TASK DETAILS -> The material below has pictures in it. Set down only the lines from the line containing "This modern favorite" through the line containing "demand. | |||||||", word for word, and leave the pictures behind.

AVAILABLE DATA ->

'''

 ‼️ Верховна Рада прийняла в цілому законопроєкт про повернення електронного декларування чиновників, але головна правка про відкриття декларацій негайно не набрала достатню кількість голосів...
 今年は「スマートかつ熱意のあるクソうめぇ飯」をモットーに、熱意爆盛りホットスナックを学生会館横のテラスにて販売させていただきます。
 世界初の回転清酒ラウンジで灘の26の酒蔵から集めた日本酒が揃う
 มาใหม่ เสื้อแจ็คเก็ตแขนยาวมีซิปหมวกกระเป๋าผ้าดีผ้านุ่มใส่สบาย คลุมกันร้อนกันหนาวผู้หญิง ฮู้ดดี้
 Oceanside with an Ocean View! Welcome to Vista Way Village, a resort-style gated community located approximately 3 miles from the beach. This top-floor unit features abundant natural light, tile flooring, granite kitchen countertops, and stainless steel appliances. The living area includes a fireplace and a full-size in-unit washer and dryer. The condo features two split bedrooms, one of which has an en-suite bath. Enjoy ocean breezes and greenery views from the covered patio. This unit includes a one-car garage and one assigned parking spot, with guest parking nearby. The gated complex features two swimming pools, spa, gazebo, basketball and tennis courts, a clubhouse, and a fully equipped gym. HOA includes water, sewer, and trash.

'''
'''

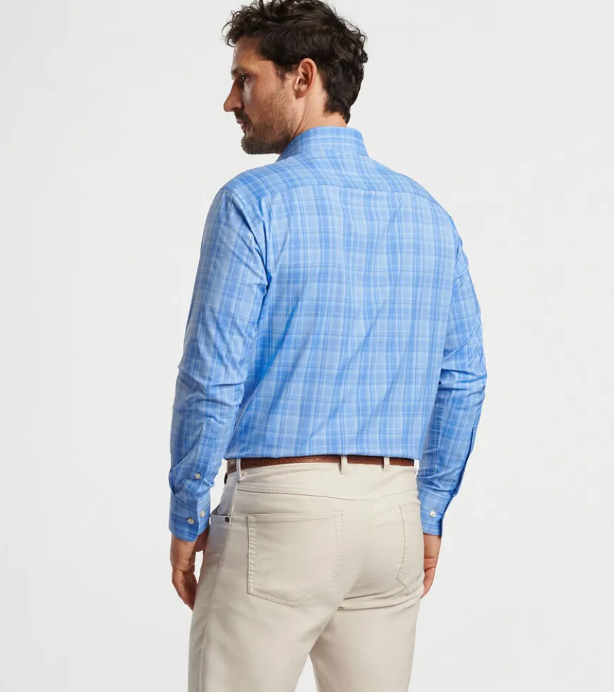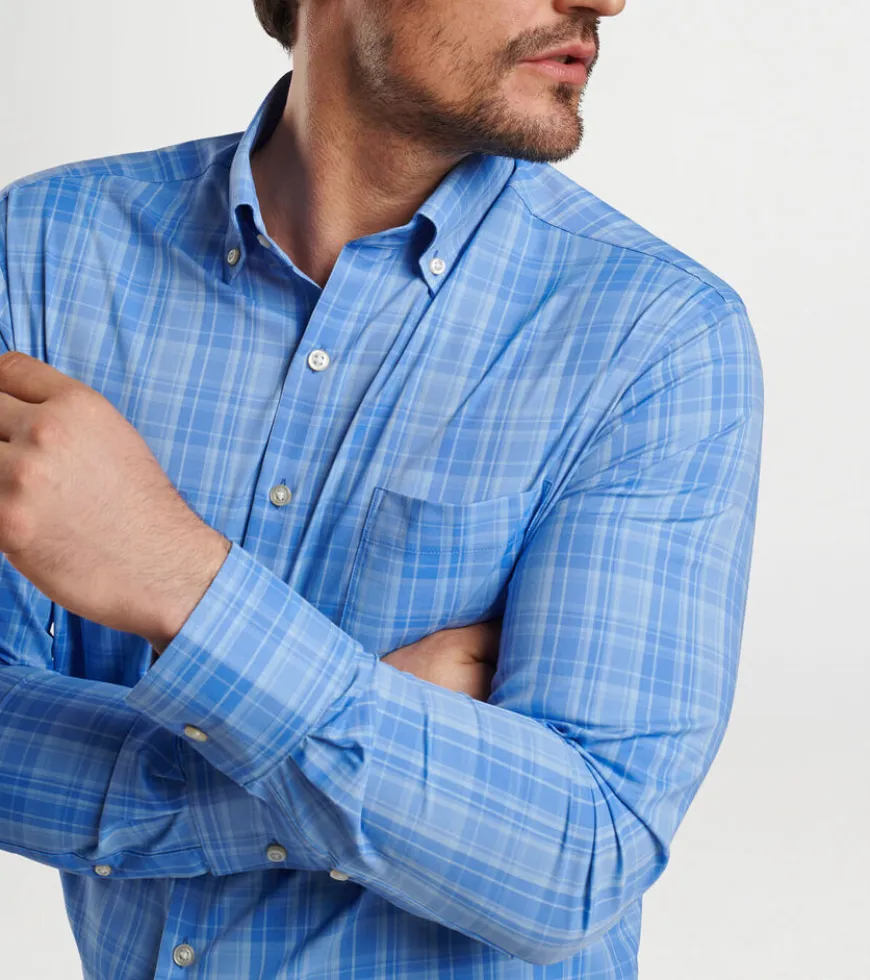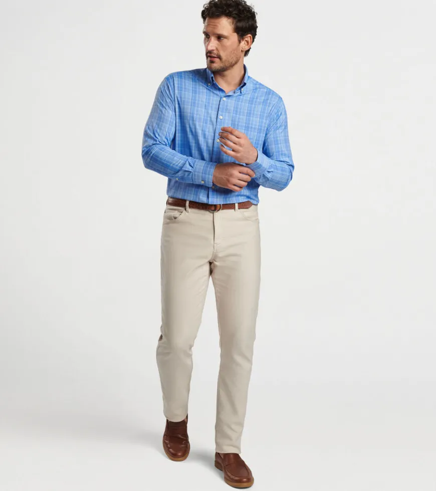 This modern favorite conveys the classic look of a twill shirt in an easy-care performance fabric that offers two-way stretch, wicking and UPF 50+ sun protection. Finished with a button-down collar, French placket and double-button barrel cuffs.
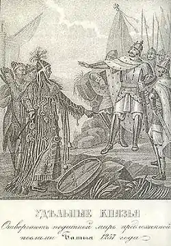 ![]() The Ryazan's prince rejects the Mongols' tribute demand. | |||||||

'''
'''

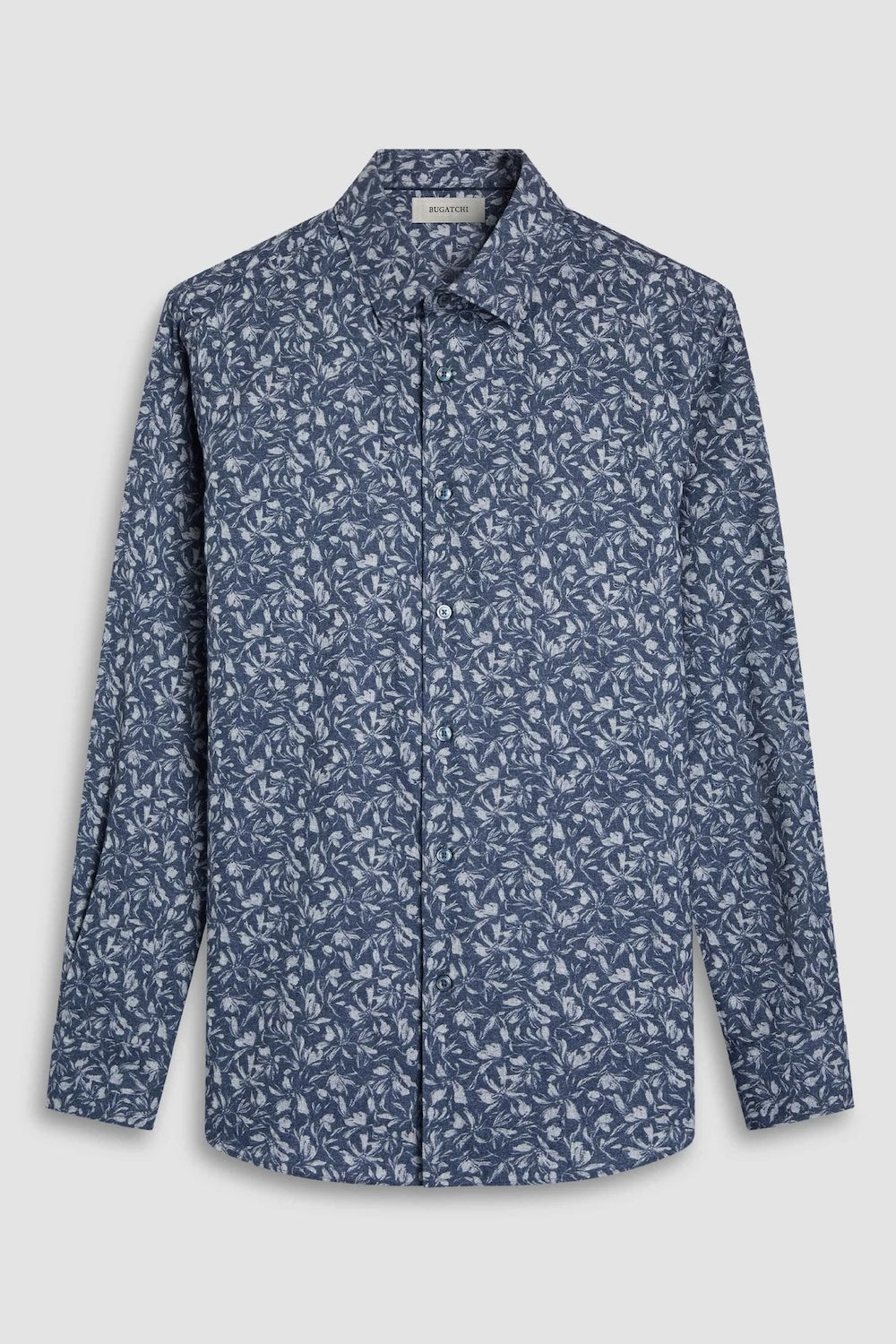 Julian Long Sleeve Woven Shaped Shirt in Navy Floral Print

'''

ANSWER SPACE ->
 This modern favorite conveys the classic look of a twill shirt in an easy-care performance fabric that offers two-way stretch, wicking and UPF 50+ sun protection. Finished with a button-down collar, French placket and double-button barrel cuffs.
 ![]() The Ryazan's prince rejects the Mongols' tribute demand. | |||||||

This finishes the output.